# Items from a data source
○ ○ ○ ○ ○ ○ ○
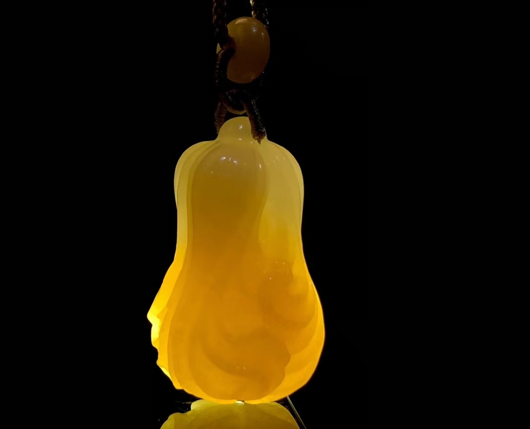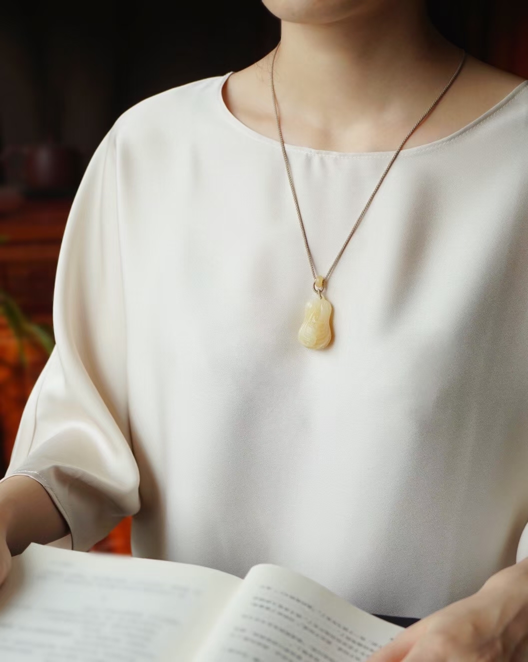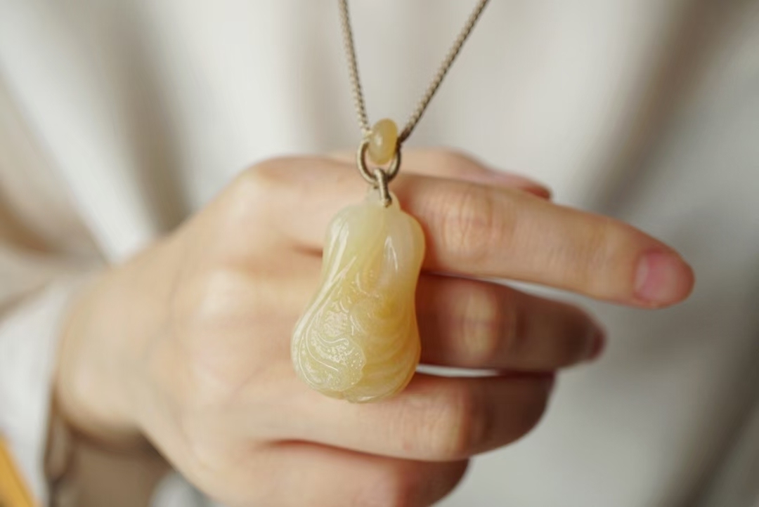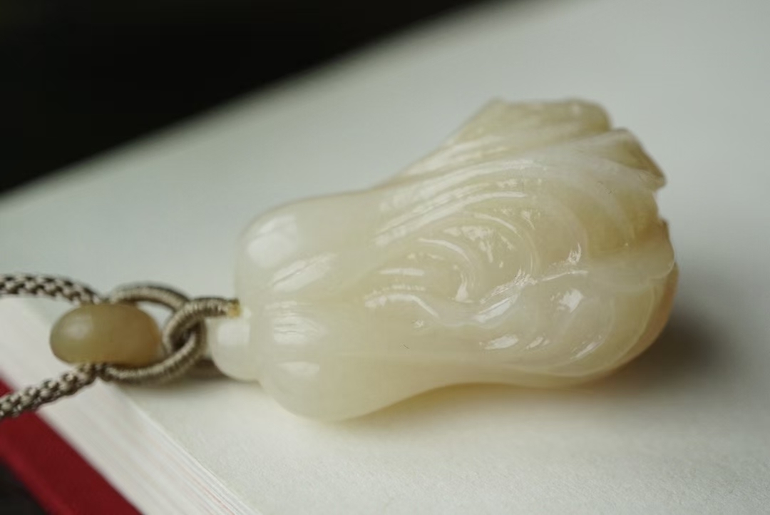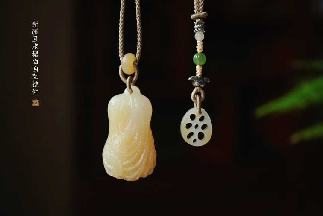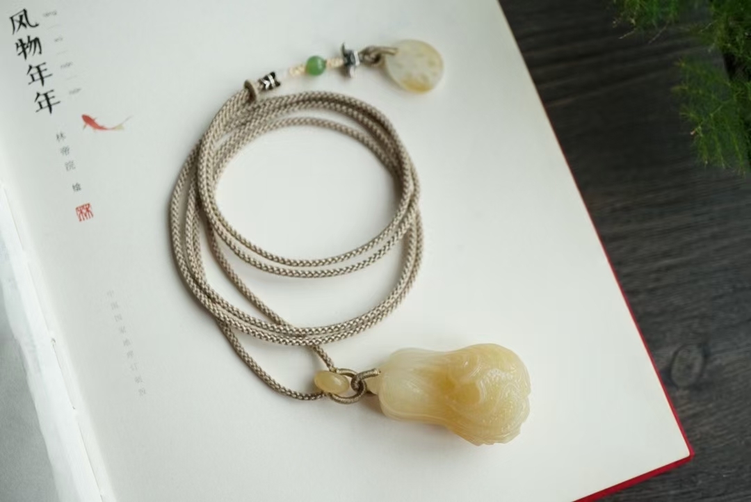 型體飽滿厚實,蘇工立體精雕一顆大白菜,葉片等細節纖微畢現,有聚財、招財、百財聚來的美好寓意。搭配純手工製作繩,糖白蓮藕作尾墜,純銀元寶做背雲,碧玉南瓜珠,白玉圓珠,純銀小配件連接糖料隔珠點綴,佩戴典雅大方。
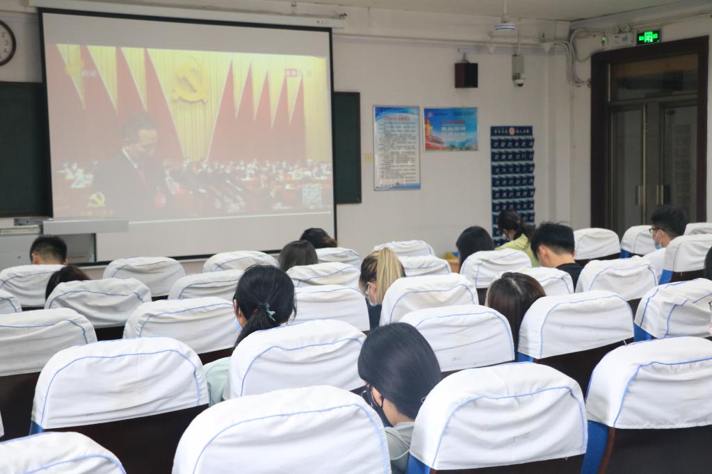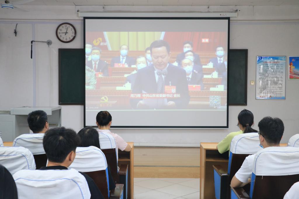 党委书记费沂涛带领学院党员代表在系楼301室收看中国共产党山东省第十二次代表大会盛况,认真观看、深刻学习领会大会报告。
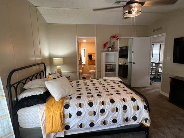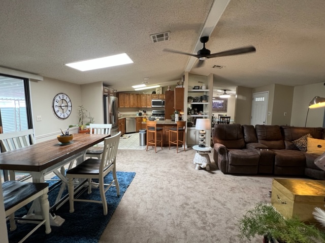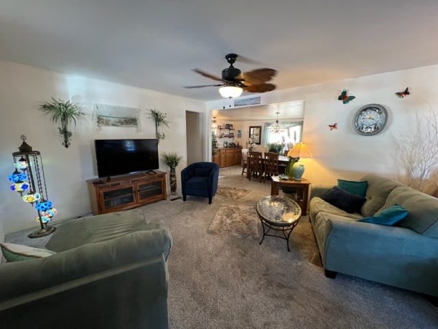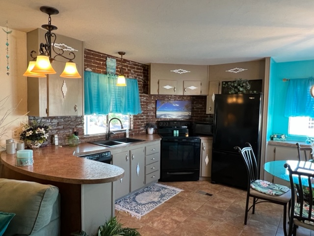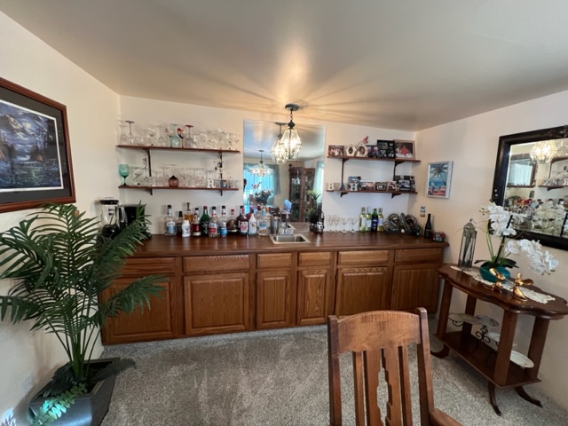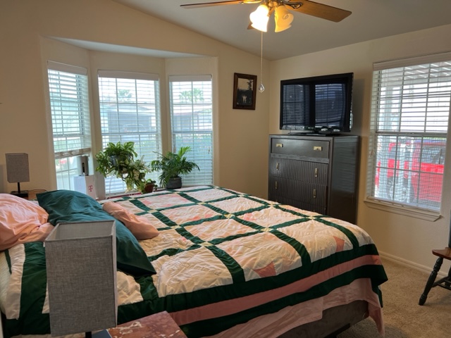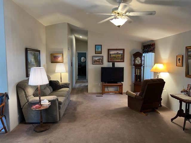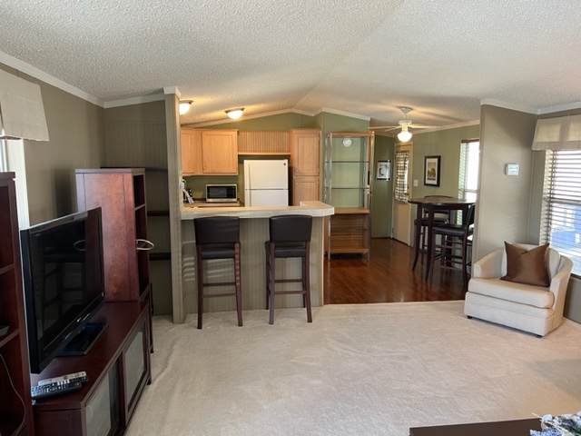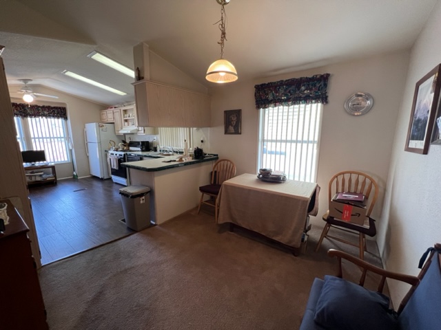 This AMAZING, updated home has two additions adding approximately 550 extra livable square footage and sits on a corner lot across the street from the clubhouse! Home is a 1982 Redman with 2 BR’s/2 Baths offers electric fireplace, formal dining room/den with beautiful built-in bar with sink and a bonus room currently being use as a guest suite. The airy, bright kitchen has an eating nook and black appliances. The beautiful master BR has plush carpet with an adjoining remodeled master bath. The huge secondary bath offers access to guest suite and hallway. There’s a large walk-in closet off hallway adding an abundance of storage. There are two attached storage rooms, one of which can be a workshop and an enclosed golf cart storage building. Washer/dryer and water softener will remain with sale of home. Call now for a showing!
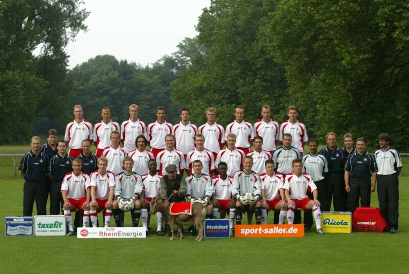 Vlnr. : Trainer Christoph Daum - Betreuer Ingo Reipka - Betreuerin Hildegard Schäfer - Geissbock ,,Hennes VII"
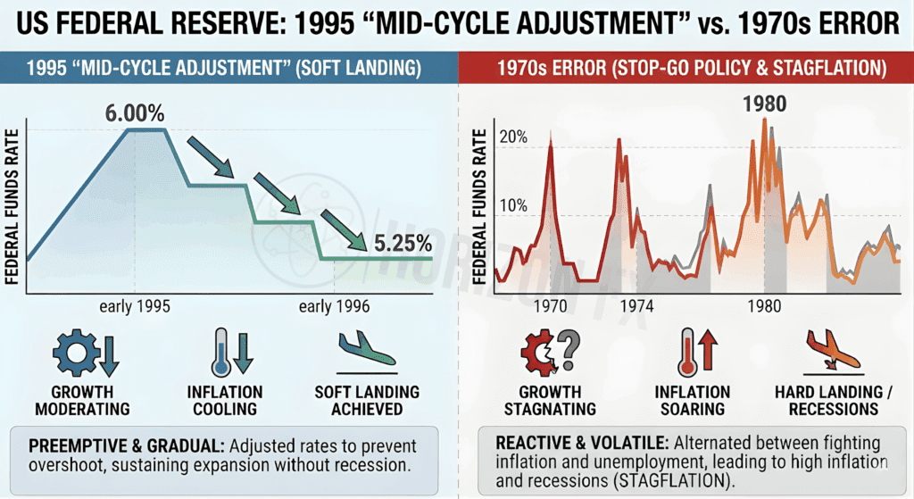 Situasi ini mengingatkan kita pada “Mid-Cycle Adjustment” tahun 1995 di bawah Alan Greenspan, bukan krisis 2008.
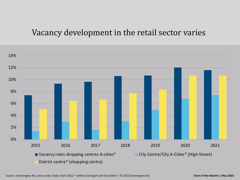 On the shopping centres: The data is based on the total of all shopping centres in the five A-cities surveyed. The range of qualities of the shopping centres is considerable. There are still shopping centres that operate with vacancy rates of no more than 5% of the retail space, while in others the upper floors often appear almost unrented, which leads to correspondingly high vacancy rates. It can also be seen that in the shopping centres - compared to the high streets - the vacancy rate is higher on average even in "good times". Recently, it has fallen again minimally in the selected cities.
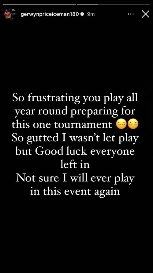 Price teilte wie üblich auf Instagram seine Frustration über die Niederlage gegen Clemens mit und sagte, er glaube nicht, dass er jemals wieder am Turnier teilnehmen werde, nachdem er nicht mitspielen durfte.
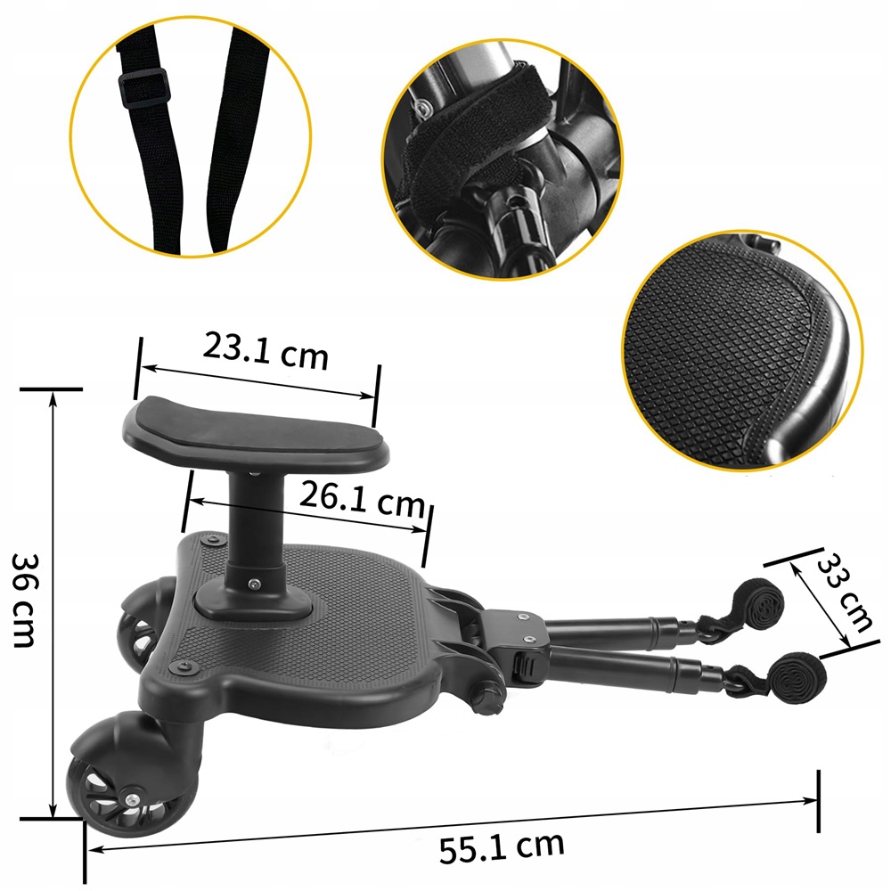 ДОДАТКОВА КОЛЯСКА ПЛАТФОРМА СТОЯЧА З СИДІННЯМ УНІВЕРСАЛЬНА ЧОРНА
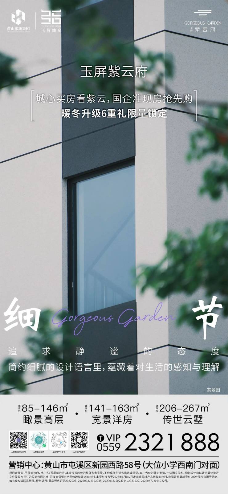 细节,追求精密的态度,简约细腻的设计语言里,蕴藏着对生活的感知与理解。城心买房看紫云,国企准现房抢先购暖冬升级6重礼限量锁定。玉屏紫云府,建面约85-146㎡瞰景高层、建面约141-163㎡宽景洋房、建面约206-267㎡传世云墅热售中。
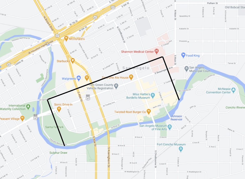 The original townsite of Santa Angela depicted by the black lines overlaid on current map of the City of San Angelo.
○ ○ ○ ○ ○ ○ ○
# About this task
Your answer must be an exact repeat of the records above, with the pictures left out.

# Answer box
 型體飽滿厚實,蘇工立體精雕一顆大白菜,葉片等細節纖微畢現,有聚財、招財、百財聚來的美好寓意。搭配純手工製作繩,糖白蓮藕作尾墜,純銀元寶做背雲,碧玉南瓜珠,白玉圓珠,純銀小配件連接糖料隔珠點綴,佩戴典雅大方。
 党委书记费沂涛带领学院党员代表在系楼301室收看中国共产党山东省第十二次代表大会盛况,认真观看、深刻学习领会大会报告。
 This AMAZING, updated home has two additions adding approximately 550 extra livable square footage and sits on a corner lot across the street from the clubhouse! Home is a 1982 Redman with 2 BR’s/2 Baths offers electric fireplace, formal dining room/den with beautiful built-in bar with sink and a bonus room currently being use as a guest suite. The airy, bright kitchen has an eating nook and black appliances. The beautiful master BR has plush carpet with an adjoining remodeled master bath. The huge secondary bath offers access to guest suite and hallway. There’s a large walk-in closet off hallway adding an abundance of storage. There are two attached storage rooms, one of which can be a workshop and an enclosed golf cart storage building. Washer/dryer and water softener will remain with sale of home. Call now for a showing!
 Vlnr. : Trainer Christoph Daum - Betreuer Ingo Reipka - Betreuerin Hildegard Schäfer - Geissbock ,,Hennes VII"
 Situasi ini mengingatkan kita pada “Mid-Cycle Adjustment” tahun 1995 di bawah Alan Greenspan, bukan krisis 2008.
 On the shopping centres: The data is based on the total of all shopping centres in the five A-cities surveyed. The range of qualities of the shopping centres is considerable. There are still shopping centres that operate with vacancy rates of no more than 5% of the retail space, while in others the upper floors often appear almost unrented, which leads to correspondingly high vacancy rates. It can also be seen that in the shopping centres - compared to the high streets - the vacancy rate is higher on average even in "good times". Recently, it has fallen again minimally in the selected cities.
 Price teilte wie üblich auf Instagram seine Frustration über die Niederlage gegen Clemens mit und sagte, er glaube nicht, dass er jemals wieder am Turnier teilnehmen werde, nachdem er nicht mitspielen durfte.
 ДОДАТКОВА КОЛЯСКА ПЛАТФОРМА СТОЯЧА З СИДІННЯМ УНІВЕРСАЛЬНА ЧОРНА
 细节,追求精密的态度,简约细腻的设计语言里,蕴藏着对生活的感知与理解。城心买房看紫云,国企准现房抢先购暖冬升级6重礼限量锁定。玉屏紫云府,建面约85-146㎡瞰景高层、建面约141-163㎡宽景洋房、建面约206-267㎡传世云墅热售中。
 The original townsite of Santa Angela depicted by the black lines overlaid on current map of the City of San Angelo.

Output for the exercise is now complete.